Quello dei Pubblici Esercizi rimane infatti un settore ad alto rischio: il turn over tra aperture e chiusure resta elevato così come sopra la media dell’economia generale rimane il tasso di mortalità delle imprese. Proprio questo mercato fortemente competitivo richiederebbe allora tanta più pianificazione, e non improvvisazione, elaborando modelli organizzativi che assorbano lavoro in modo più equilibrato e adatto al tempo che stiamo vivendo.

La discontinuità, l’aumento dei costi e il forte bisogno di nuove competenze, farebbe di questo periodo storico il momento giusto per il settore dei PE di fare quel salto di qualità da tempo auspicato, in tema di innovazione, marketing e gestione, intercettando trend, come lavoro da remoto, digitalizzazione, sostenibilità ambientale, che hanno cambiato usi e consumi degli italiani. E, se i problemi più scottanti sul tavolo dei PE sono tipici di questo mondo e, pur detonati recentemente, appaiono pur sempre “vecchie conoscenze” (pensiamo ad esempio alla debolezza strutturale su attrattività e produttività), le soluzioni vanno in qualche modo cercate fuori dai confini del settore stesso.
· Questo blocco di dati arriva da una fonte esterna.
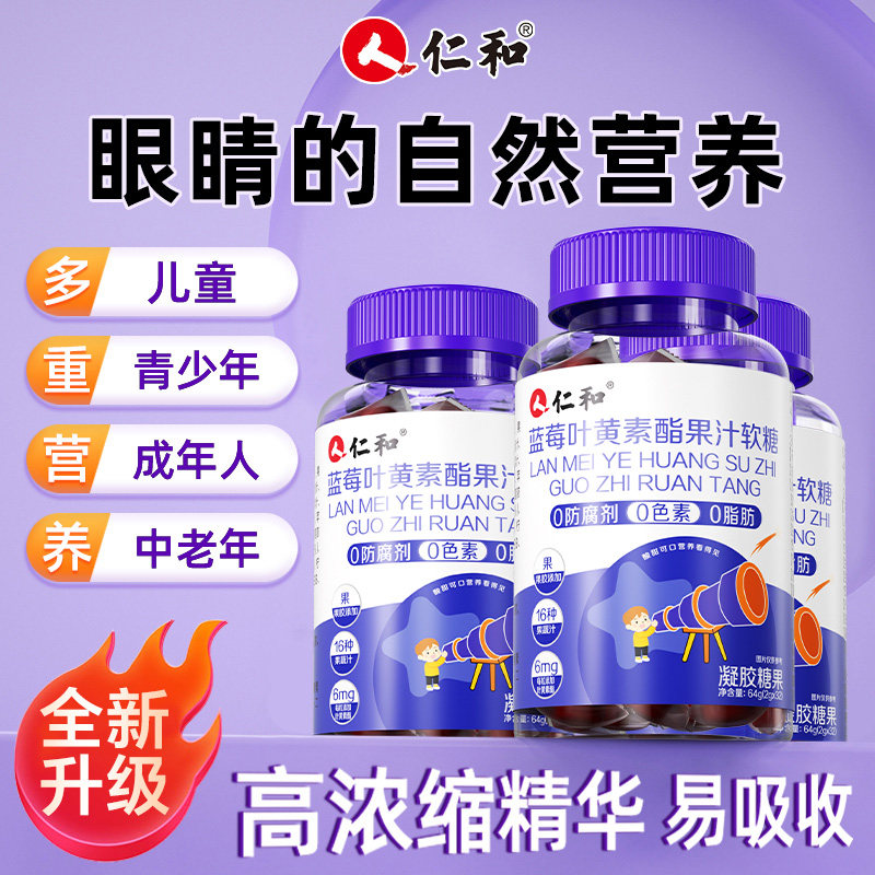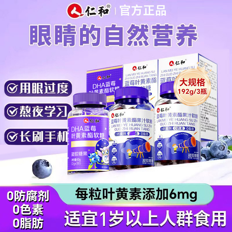 仁和叶黄素蓝莓味酯软糖片正品官方儿童成人非专利进口旗舰店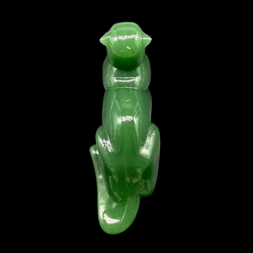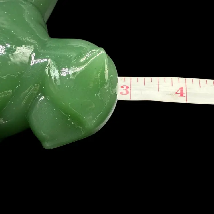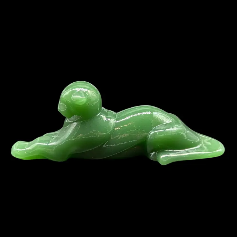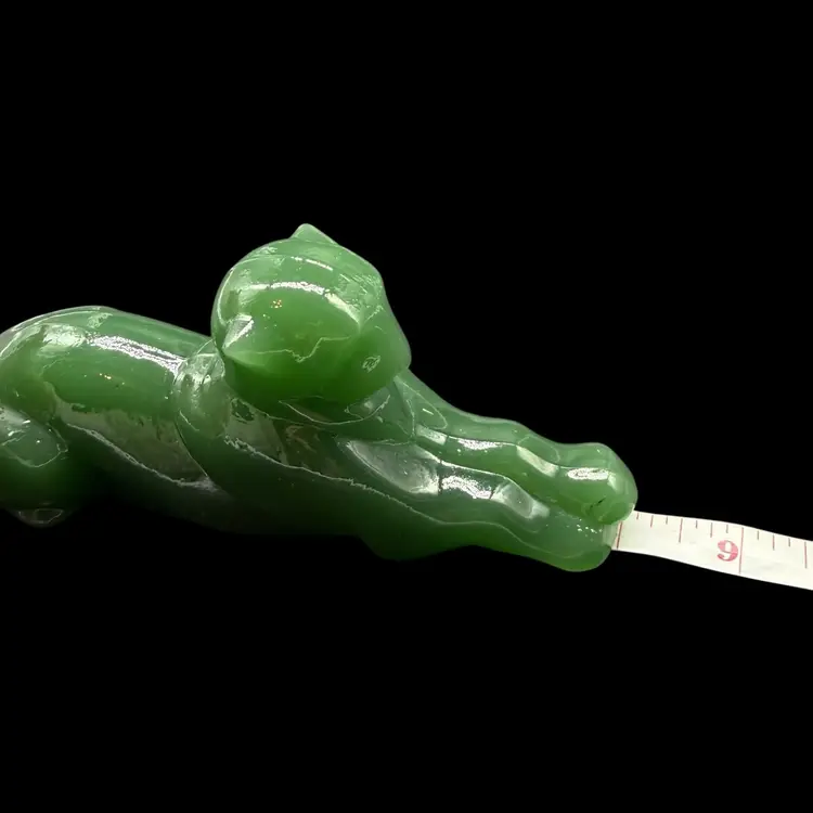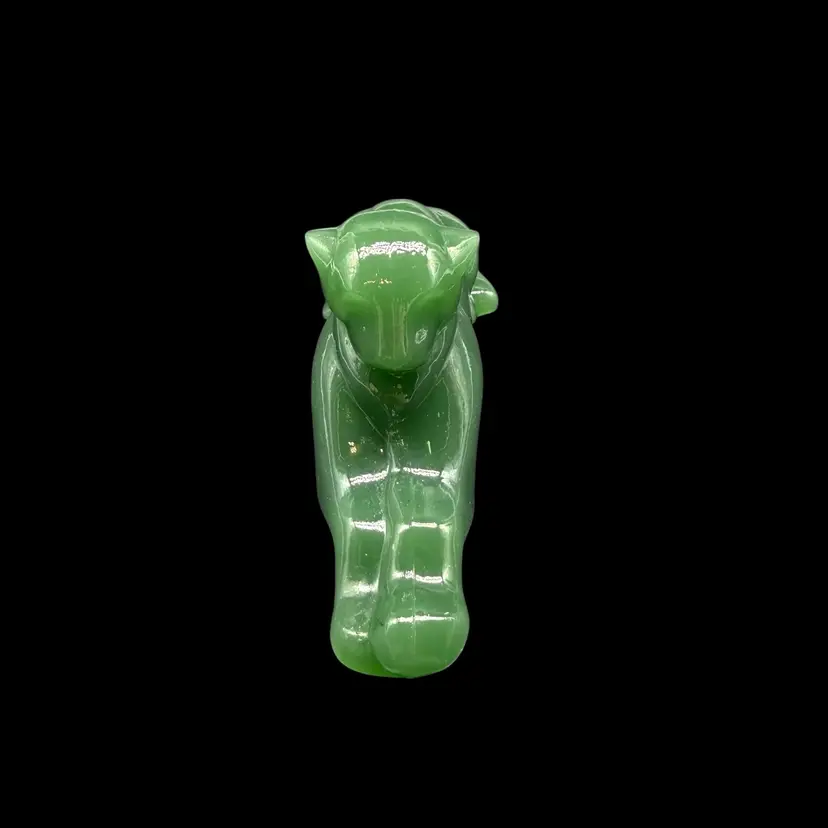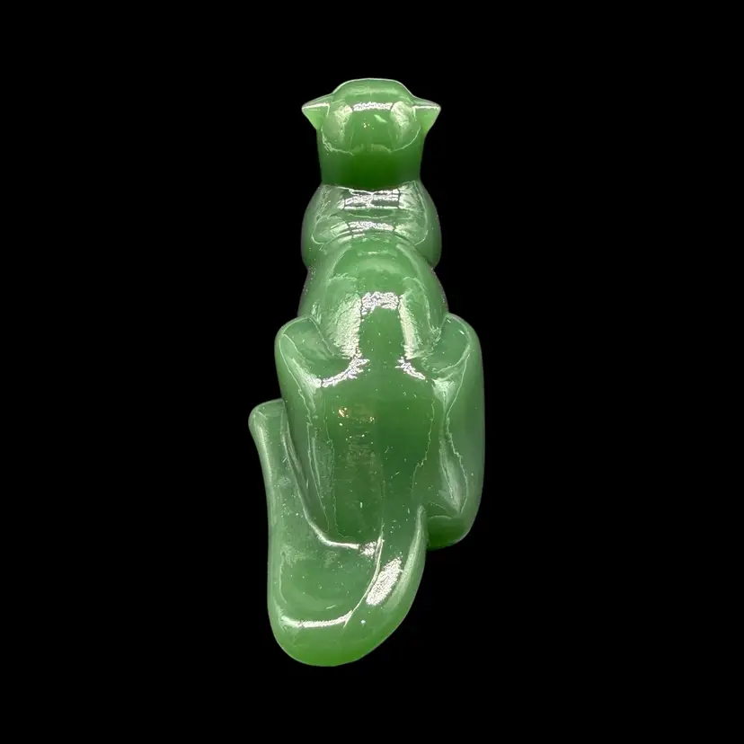 The 1980s Imperial Glass Jade Green Panther Tiger Cat Paperweight Figurine is a vintage collectible made in North America. This pressed glass figurine features a solid green color with a glossy finish, depicting a majestic panther or tiger cat. Signed ALIG, representing the Arthur Lorch Imperial Glass mark, used in 1981-1982, prior to the glass brand’s bankruptcy, this art glass piece embodies the Art Deco style of the era. A unique addition to any decor, this original figurine reflects the period's themes of animals and periods & styles, making it a valuable piece for collectors of vintage American glass.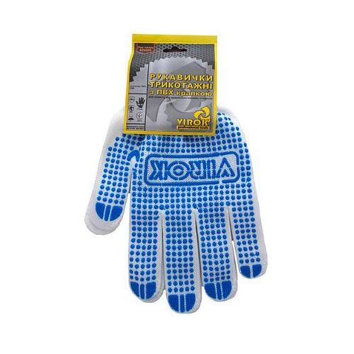 Основні переваги рукавиць трикотажних VIROK білі з ПВХ крапкою:- Висока міцність трикотажного матеріалу і ПВХ покриття забезпечують довгий термін служби рукавичок- Зручний фіксуючий манжет дозволяє підібрати рукавиці посиланням до руки- ПВХ крапкою на покритті рукавиць забезпечує відмінну маніпуляцію предметами та збереження чутливості- Рукавиці розміру 10 підходять для середнього розміру дорослого чоловіка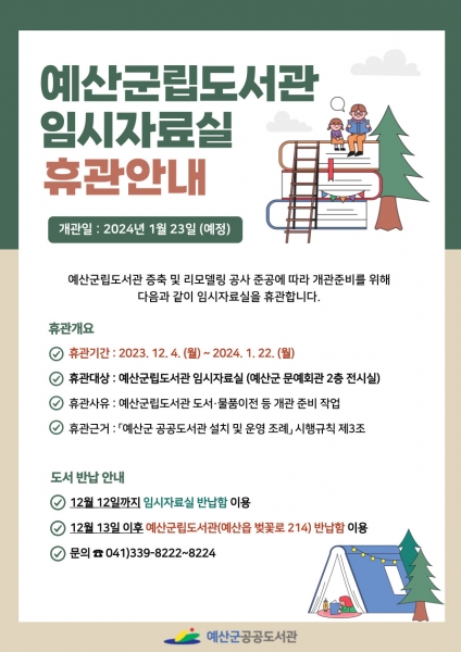 [Ytv영상스토리] 예산군립도서관은 군립도서관 증축 및 리모델링 공사 준공에 따른 재개관 준비를 위해 오는 12월 4일부터 2024년 1월 22일까지 약 7주간 임시자료실을 휴관한다고 밝혔다.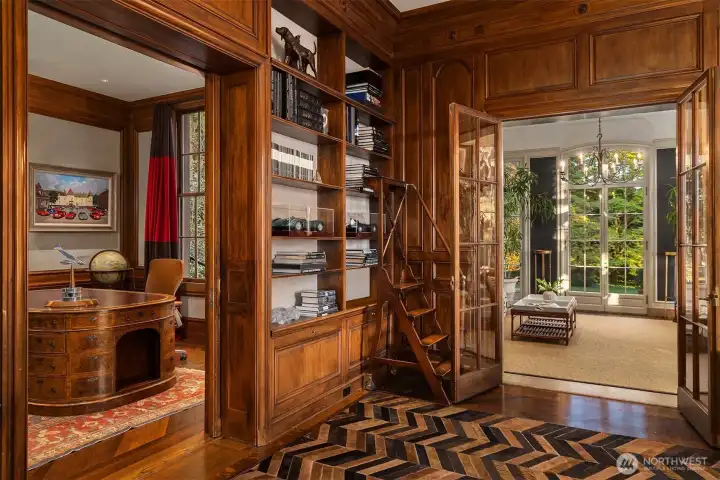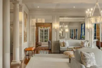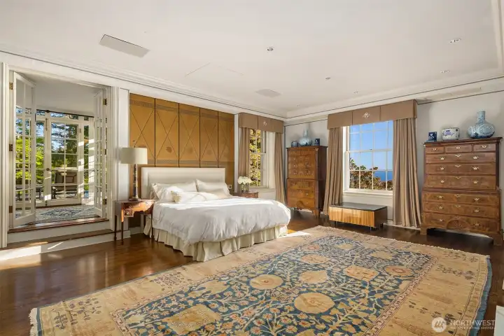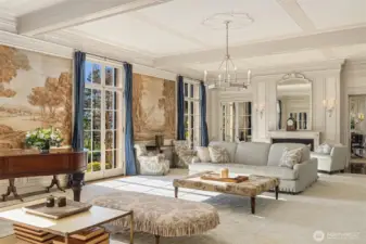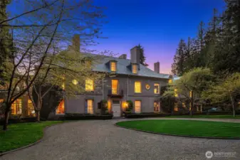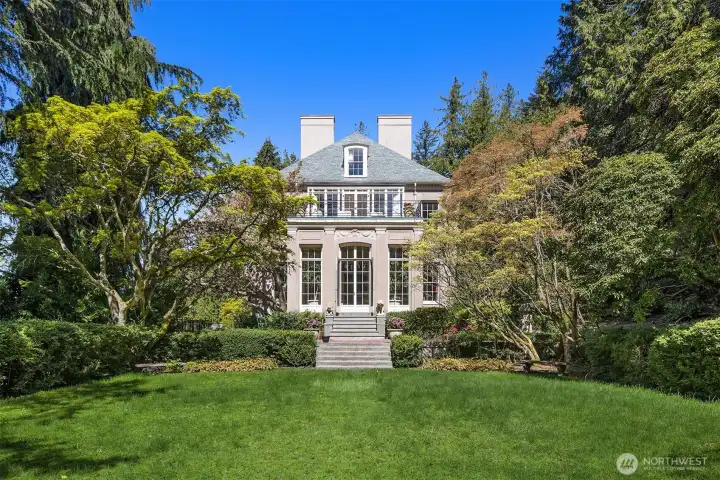 A Georgian Estate by Charles Platt - one of America’s most revered architects - set on 7.26 bluffside acres in the gated Highlands. Regarded as one of the Pacific Coast’s finest examples of Georgian architecture. Inspired by the great country homes of Italy and France, Platt believed that beauty lay in symmetry, clarity, and balance. This estate brings those ideals to life through perfectly proportioned rooms and an effortless flow between architecture and landscape. The home unfolds with quiet drama. A grand, mural-adorned drawing room, paneled library, and formal dining room all frame panoramic views of Puget Sound and the Olympic Mountains. Every detail from soaring ceilings and acanthus-leaf cornices to herringbone hardwoods and a sweeping staircase reflects a profound understanding of classical design and timeless refinement. Olmsted’s vision of naturalistic beauty is reflected in the grounds Open lawns stretch toward the bluff, while woodland paths weave through groves of mature trees and sculpted gardens. A tranquil pond anchors the landscape, and surrounding greenery creates a seamless connection between the residence and the land. It is a setting designed for both retreat and discovery. An extraordinary convergence of architecture, landscape and legacy - without precedent in the architectural history of the Pacific Northwest.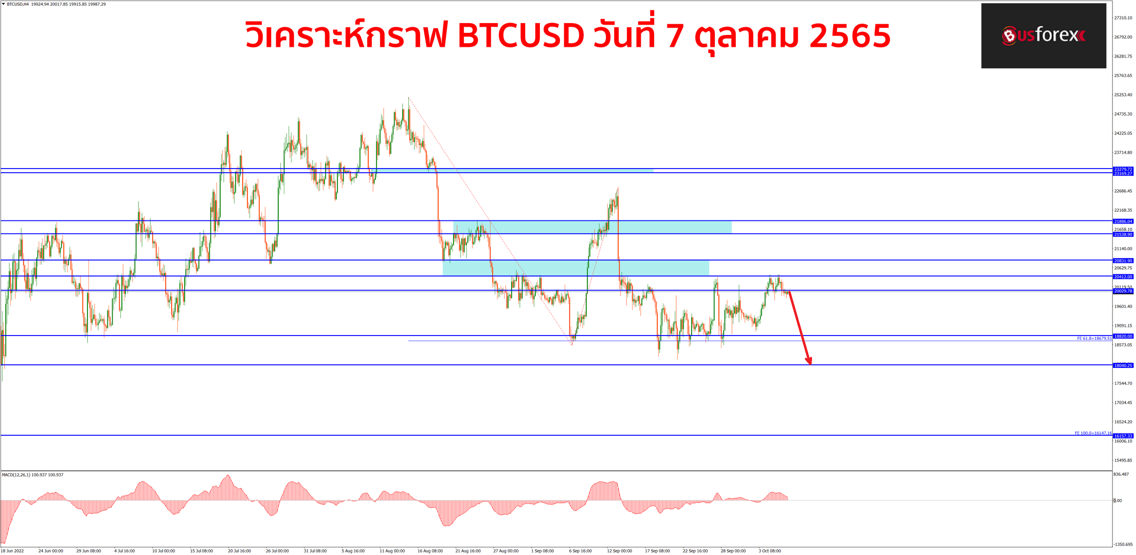 กราฟ BTC กลับลงมาทดสอบแนวรับที่ราคา 20,000$ ก็ไม่สามารถปิดแท่งเทียนกลับตัวขึ้นได้ สุดท้ายตอนนี้กราฟก็กลับลงมาอยู่ต่ำกว่าราคา 20,000$ ได้อีกครั้งนะครับ สำหรับแนวโน้มกราฟในภาพรวมที่ TF H4 และ DAY ก็ยังคงเป็นขาลงอยู่ แต่เนื่องจากการที่กราฟขึ้นไปทำสวิงไฮในรอบล่าสุดนี้เป็นการขึ้นไปทำ high สูงกว่า high ก่อนหน้าได้ จึงต้องระวังกราฟจะพักตัวรอบใหญ่ขึ้นไปทดสอบแนวต้านด้านบนที่ราคา 20,830$ ได้ต่อ ดังนั้นหากจะเปิด sell ลงมา ถึงแม้ว่าจะเป็นการเปิด sell ตามแนวโน้มหลักก็ตาม ส่วนตัวมองว่าควรรอให้กราฟมีแรงขายดันลงมาจนปิดแท่ง H4 เป็นแท่งขาลงแท่งใหญ่ให้ชัดเจนก่อนดีกว่าแล้วค่อยเปิด sell ลงมาอีกที หรือไม่ก็รอให้กราฟขึ้นไปทดสอบแนวต้านด้านบนแล้วปิดเป็นแท่งกลับตัวลงก่อนค่อยเปิด sell ก็ได้เช่นกันครับ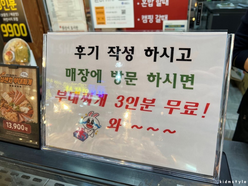 블로그 포스팅 등 후기를 작성하면 부대찌개 3인분이 무료라고 한다. 참고하기 바란다.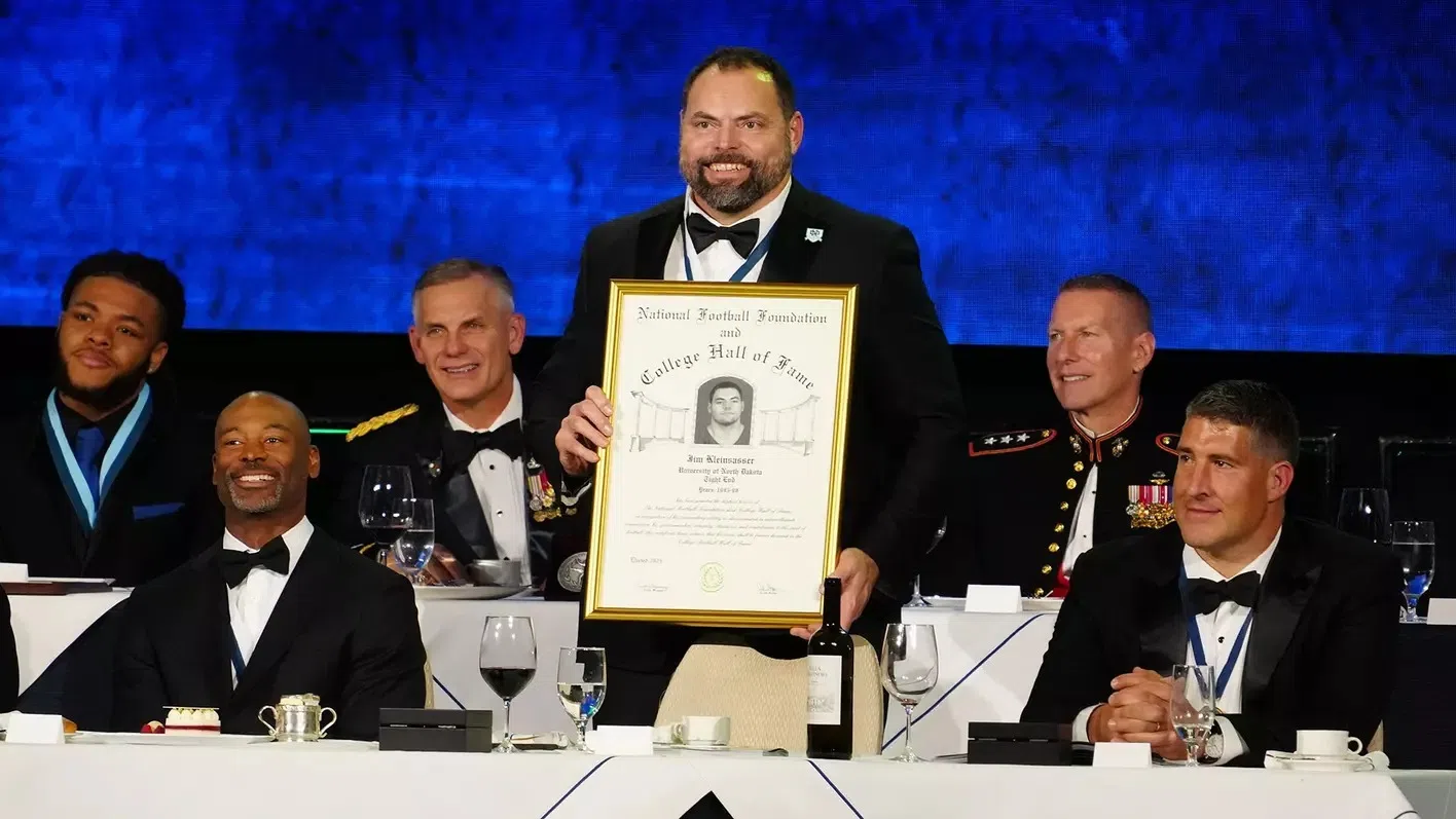 LAS VEGAS, Nev. (UND Athletics)– One of the best tight ends in North Dakota history, Jim Kleinsasser (1995-98), was one of 18 players officially inducted into the National Football Foundation (NFF) & College Football Hall of Fame late Tuesday night.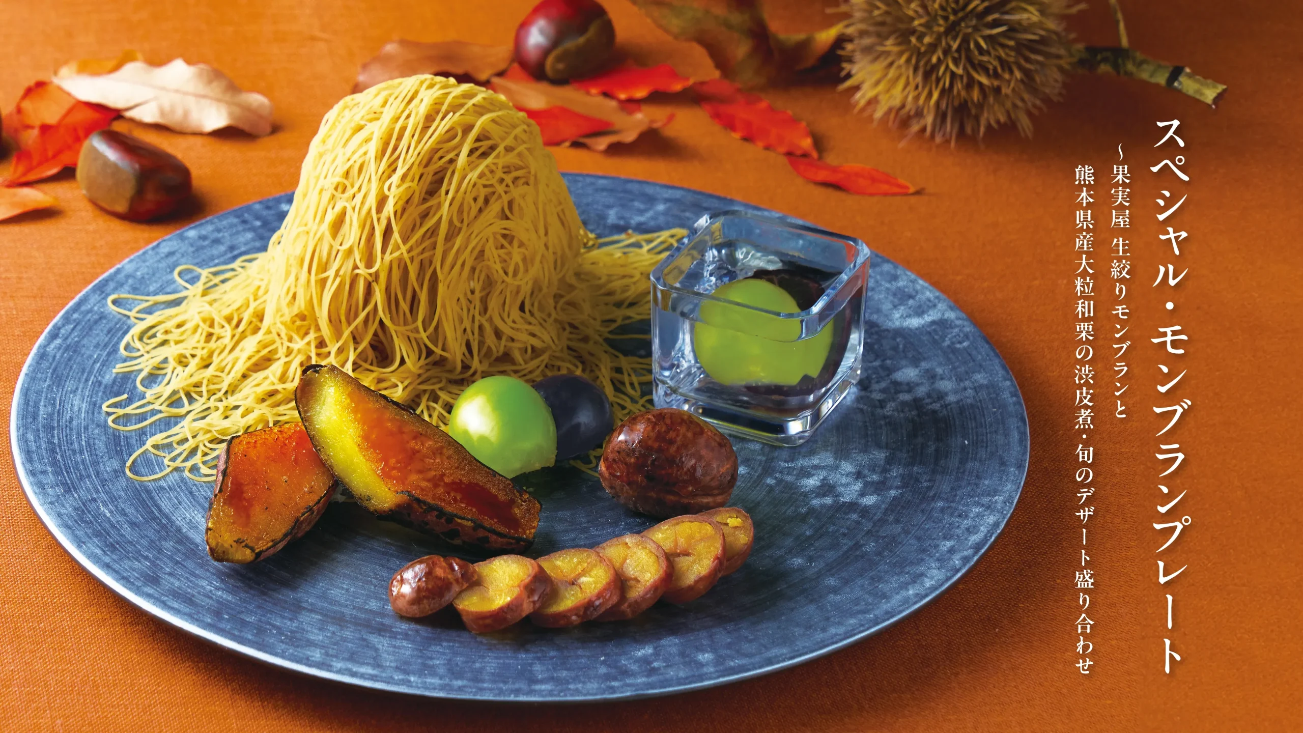 10月上旬から、スペシャル・モンブラン〜果実屋 生絞りモンブランと熊本県産大粒和栗の渋皮煮・季節デザートの盛り合わせが販売中です。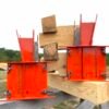 Dual-purpose: the bottom side is used to first make a perfectly straight end-cut, the jig is then refastened to the log to cut each side of the half dovetail joint with the top guides.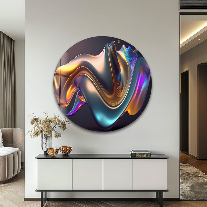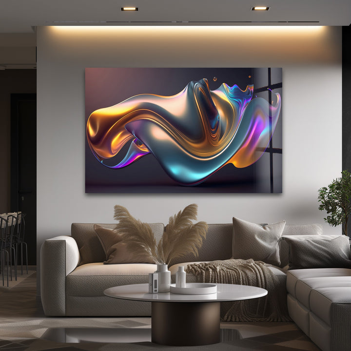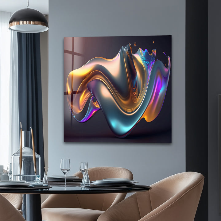Add vibrant motion and futuristic elegance to your interior with Prismatic Flow Mirage – Iridescent Chrome Wave Glass Wall Art. This captivating artwork features a smooth, floating metallic form illuminated by shifting hues of teal, violet, magenta, amber, and electric gold. The fluid chrome texture feels alive—full of movement, depth, and glossy dimensionality—perfect for bold modern spaces that embrace artistic expression.

C’è infatti bisogno di investire per ammodernare locali, impianti e attrezzature, ma anche per accrescere la qualità del capitale umano che si traduce in maggiore qualità dell’offerta, in maggiore soddisfazione delle persone e, alla fine dei conti, in maggiori volumi di attività. Conforta certamente il fatto che nel 2022 l’occupazione del settore sia tornata quasi ai livelli del 2019, ma è difficile non osservare che il lavoro dei Pubblici Esercizi è un piano traballante dove risultano incerte sia le gambe della qualità, sia quelle della quantità dell’offerta di lavoratori. Dal lato della quantità, basti notare che, come emerge da queste pagine, quasi un’impresa su due ha effettuato almeno una ricerca di personale nel 2022 e due su tre hanno incontrato difficoltà di reperimento (8 su dieci nel caso dei bar).

Dal lato della qualità dell’occupazione, se il numero degli occupati ha recuperato, mancano all’appello quote di contratti a tempo indeterminato e fasce importantissime come giovani e donne, che hanno nel tempo qualificato il settore per capacità di inclusione e nuove energie. Rimettere al centro il lavoro di qualità e ripensare i modelli di business in termini di sostenibilità sono i due assi portanti di una strategia imprenditoriale per i prossimi anni che in questo 2022 potrebbe aver visto un momento di svolta.

Questo Rapporto lo registra e lo osserva attraverso i dati, con l’obiettivo -neanche troppo sottotraccia- di raccontare in modo esaustivo e più oggettivo possibile un settore complesso e spesso dibattuto, che tuttavia è tutto tranne che un fenomeno di costume, come talora viene classificato. La Ristorazione è -e rimane- intersezione tra filiere essenziali e sostanziali del Made in Italy e stile di vita delle comunità; e il suo racconto contribuisce a dare un punto di riferimento più solido all’economia del Paese.

Questo è vero sia che il racconto passi attraverso i numeri, come in questo Rapporto, sia che venga trascinato dai simboli, come è stato negli anni scorsi per la Carta dei Valori di FIPE, come sarà nel 2023 per la prima Giornata della Ristorazione. Numeri e simboli si uniscono dunque nella nostra azione di responsabile corpo intermedio, che ha l’onore e la responsabilità di rappresentare un settore ingrediente fondamentale della storia della società italiana e che ha tutte le carte in regola per apparecchiarne il futuro.